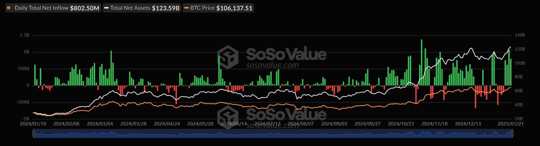Торговый день 21 января 2025 года оба сектора спотовых криптофондов в США закрыли с положительным показателем. Чистый суточный приток капитала составил $802,5 млн и $74,43 млн соответственно, согласно SoSoValue.
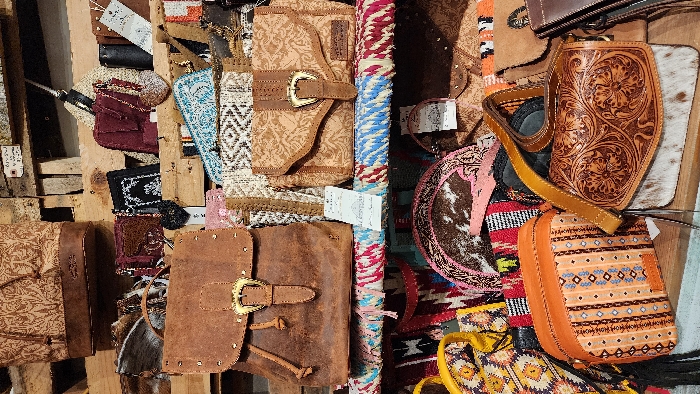 An interior view of a retail establishment in Jackson, United States of America, displays a collection of bags and accessories arranged on multiple wooden shelves. The background consists of rough, horizontal wooden planks. On the top shelf, a light brown fabric backpack with a subtle leaf pattern and a dark brown leather base is visible, alongside smaller purses in dark red and black with white embroidery, and a black cylindrical case. The middle shelf is covered with a red, white, and blue patterned woven fabric runner. Prominently displayed on this shelf is a distressed brown leather backpack featuring a gold-colored buckle, metal studs, and leather drawstrings. To its right, a light brown fabric crossbody bag with a similar leaf pattern, a cut-out leather flap, and a gold buckle is present. Various patterned fabric items, including a white geometric design and a light blue patterned clutch, are also on this shelf. The lower section features an orange leather crossbody bag with a vertically striped, geometrically patterned fabric front. Adjacent to it, a brown leather crossbody bag with detailed floral tooling on its flap overlays a section of white and brown cowhide. Other items visible include a yellow geometrically patterned bag, a pink and black cowhide print item, and various Southwestern-style patterned textiles serving as backdrops or additional merchandise. Price tags are affixed to several items. No individuals are present within the frame.
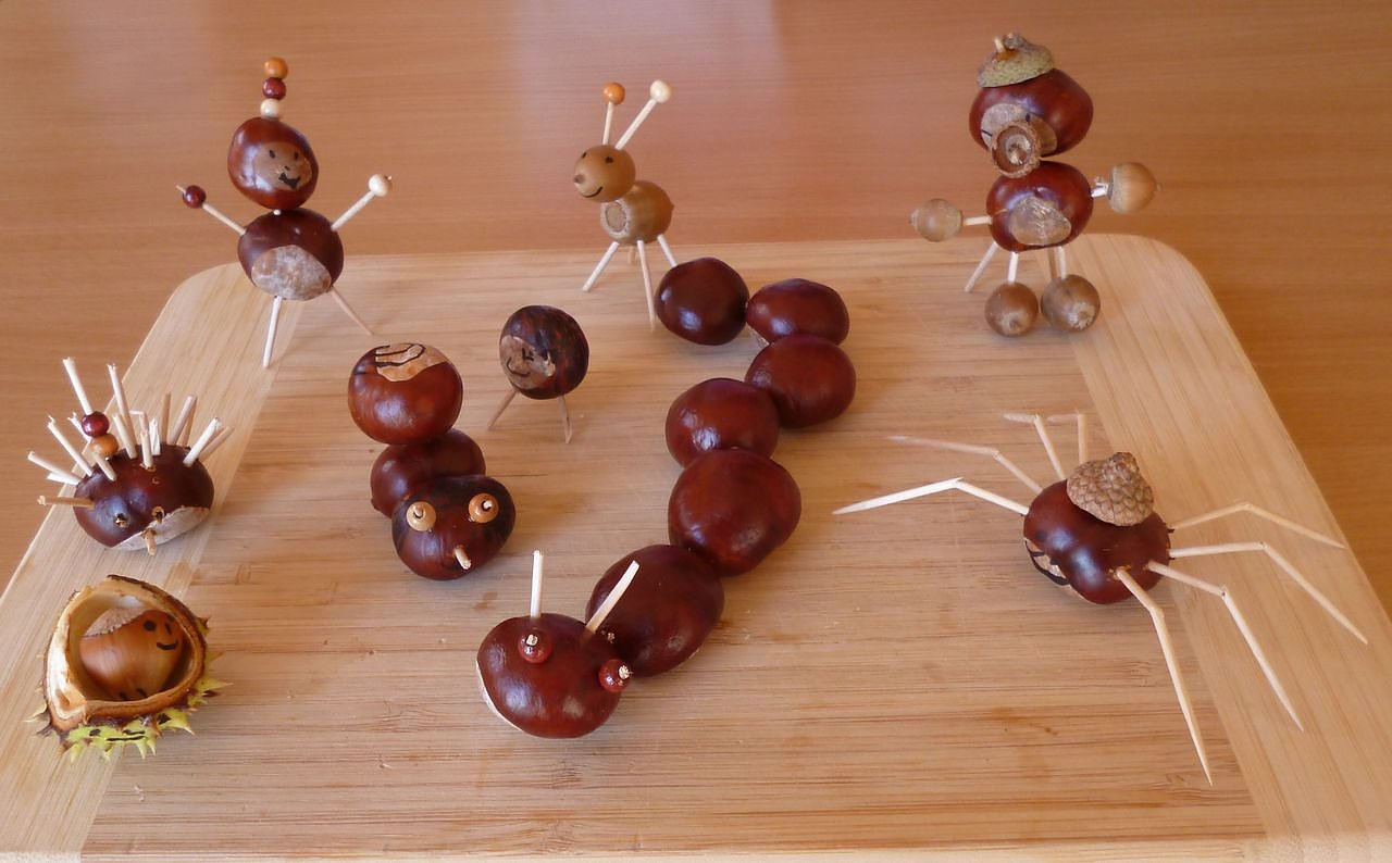 Die Zeit des Herbstes ist auch wieder die Zeit der Kastanien, die von den Bäumen fallen. Und wie das seit Generationen üblich ist, werden daraus viele schöne Dinge gebastelt...
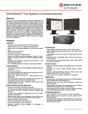 Datasheet for the Notifier ONYXWorks, published in 2021. Document No: DN-7048, Rev: P. 20 models including ONYXWorks, NFN-GW-EM-3, ONYXWORKS-W and 17 additional variants. Product features, environmental operating limits, and compatibility data.
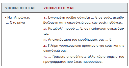 Στην αριστερή πλευρά της σελίδας γράφετε τη λέξη «Υποχρέωσή σας» να πληρώνετε …€ το μήνα. Βέβαια, η λέξη «υποχρέωση» δε χρησιμοποιείται με τη συνηθισμένη σημασία της, γιατί στην πραγματικότητα τα χρήματα που καταβάλλει ο πελάτης με το πέρας της ασφαλιστικής του περιόδου, τα λαμβάνει πίσω.
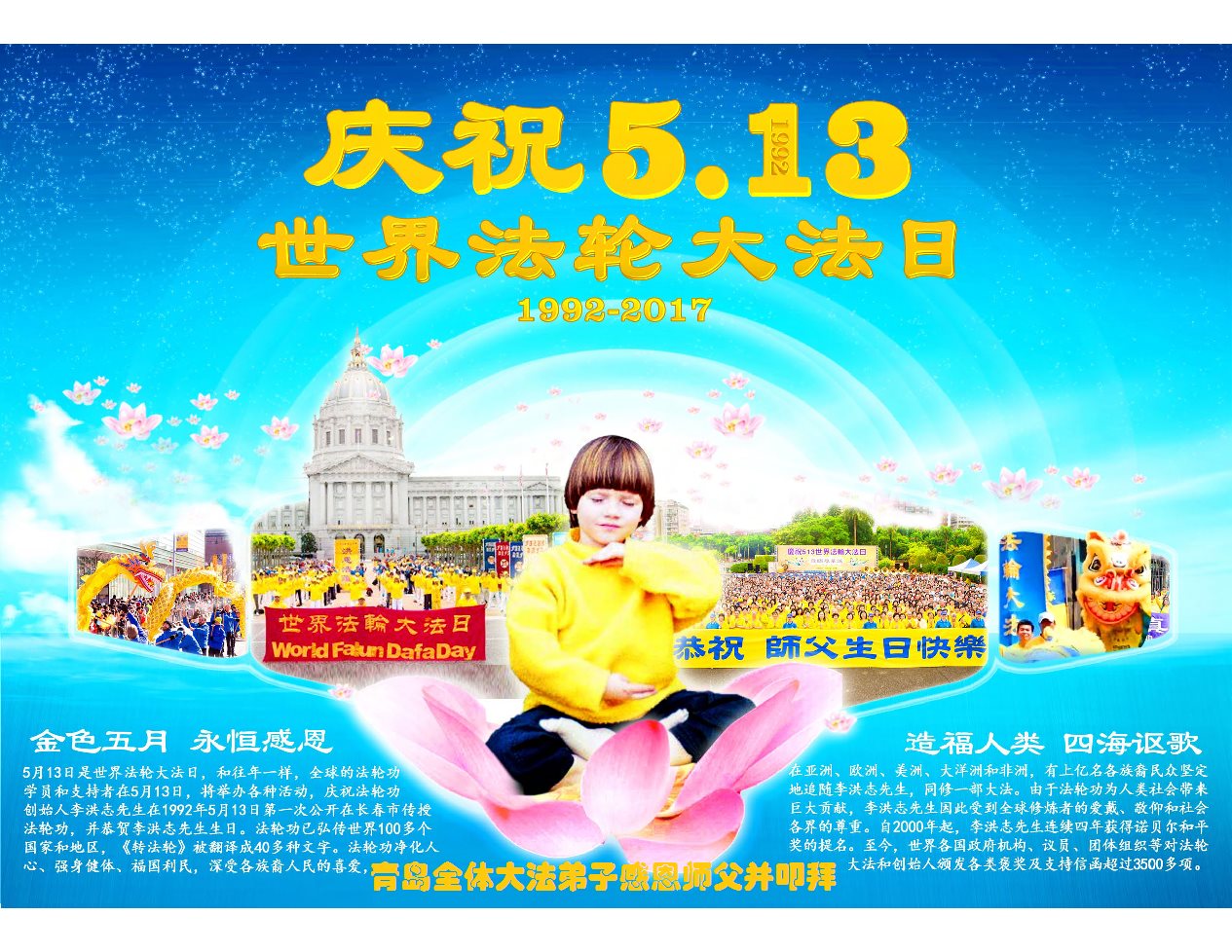 祝师父生日快乐!欢庆第十八届世界法轮大法日!
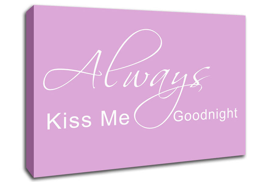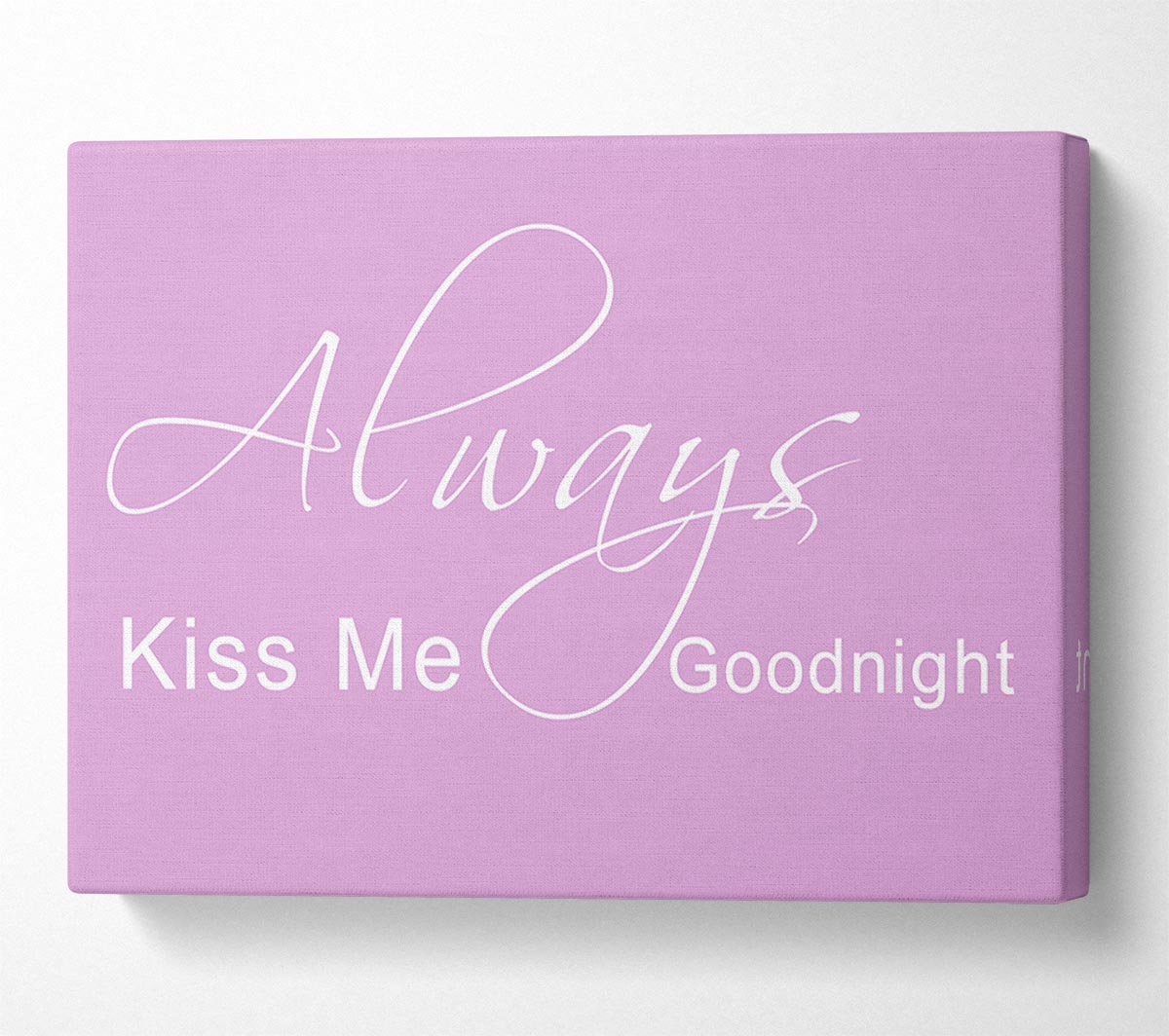 Love Quote Always Kiss Me Goodnight 2 Pink Canvas Print handmade in the UK. Stretched over a 2 inch thick wooden box frame, ready to hang on your wall.

EXERCISE BRIEF
Starting at the line that holds "祝师父生日快乐!欢庆第十八届世界法轮大法日!", repeat every line through the end of the listing exactly as written, skipping any picture.

EXPECTED OUTPUT
 祝师父生日快乐!欢庆第十八届世界法轮大法日!
 Love Quote Always Kiss Me Goodnight 2 Pink Canvas Print handmade in the UK. Stretched over a 2 inch thick wooden box frame, ready to hang on your wall.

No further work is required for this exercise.